Before we can determine how best to reform education, we must answer a crucial question: Why are young people not learning? Ultimately, teachers, parents, scholars, and lawmakers can answer this question only to a limited degree. They are not the ones rocketing through adolescence while reading Salinger and studying cellular mitosis.
Current students and recent graduates from junior high and high school understand best what obstacles they and their peers encounter. They are able to reflect on their experiences, identify what works and why, and pinpoint what can be improved. Students, for example, may be indifferent to using technology as a teaching tool, but may insist on the efficacy of smaller classes. Students could answer important questions-but no one is asking them.
E.D. Hirsch contends that certain “nationalized, bureaucratic, nonmarket education systems” such as Japan’s develop higher-order skills not by directly teaching such skills but by paying close attention to the “sequence and coherence of content” (see “Not So Grand a Strategy,” Feature, Spring 2003). The policy implication, Hirsch writes, is that the United States needs a “coherent, specified grade-by-grade elementary curriculum,” not the “local control of curriculum and letting a hundred flowers bloom.”
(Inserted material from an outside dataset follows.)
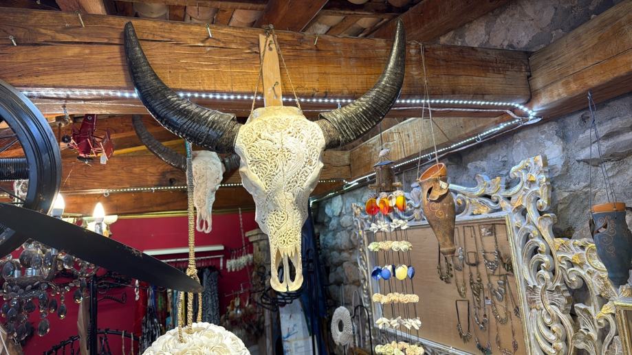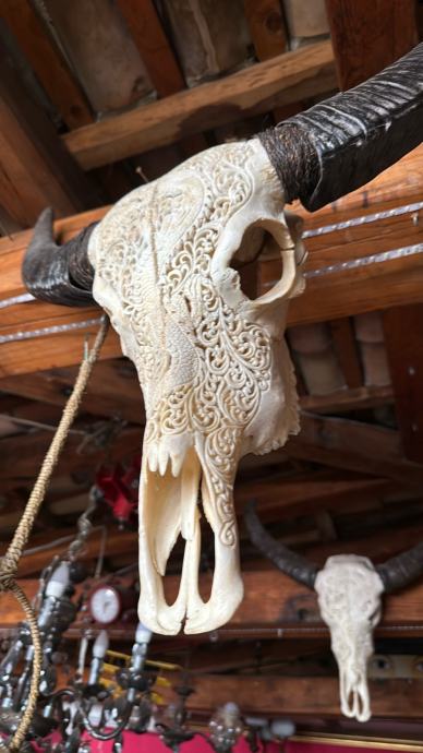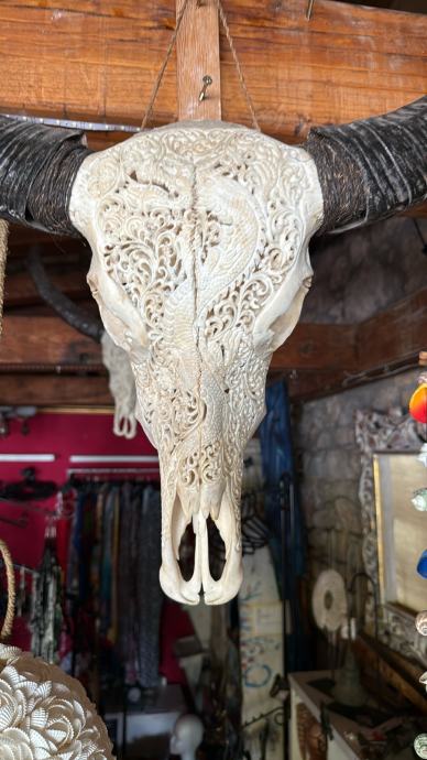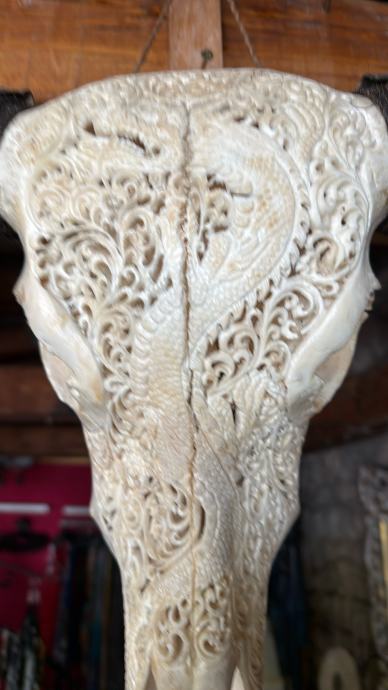 Rezbarena bikova glava, prava kost, umjetnicko djelo, dimenzije rogova 60 cm, glava 45 cm.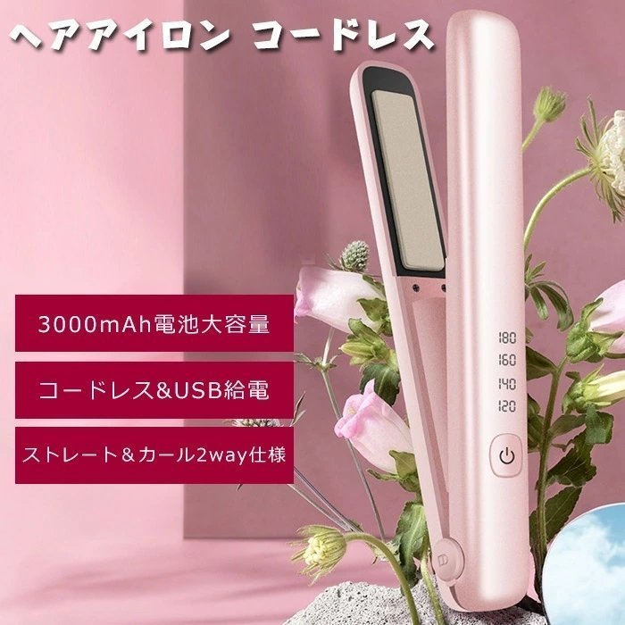 - ヘアアイロン コードレス ストレート カールアイロン ヘアアイロン 4段階温度調整USB充電式 2wayストレート カール ☆カラー/3色選択/1点

Hirsch underestimates the deformities inherent in highly centralized education systems. Centrally planned systems do not encourage ideas from the grassroots, thereby ignoring the nature of knowledge and discovery. Market-like mechanisms, not central planners, are the best way to direct resources toward success and away from failure. They are the only way to nurture sustainable innovation-as opposed to K-12 education’s endless fads.
Correction: In the second paragraph of “Philosopher or King?” (Richard Kahlenberg, Feature, Summer 2003), the phrase “of all things” was inadvertently introduced.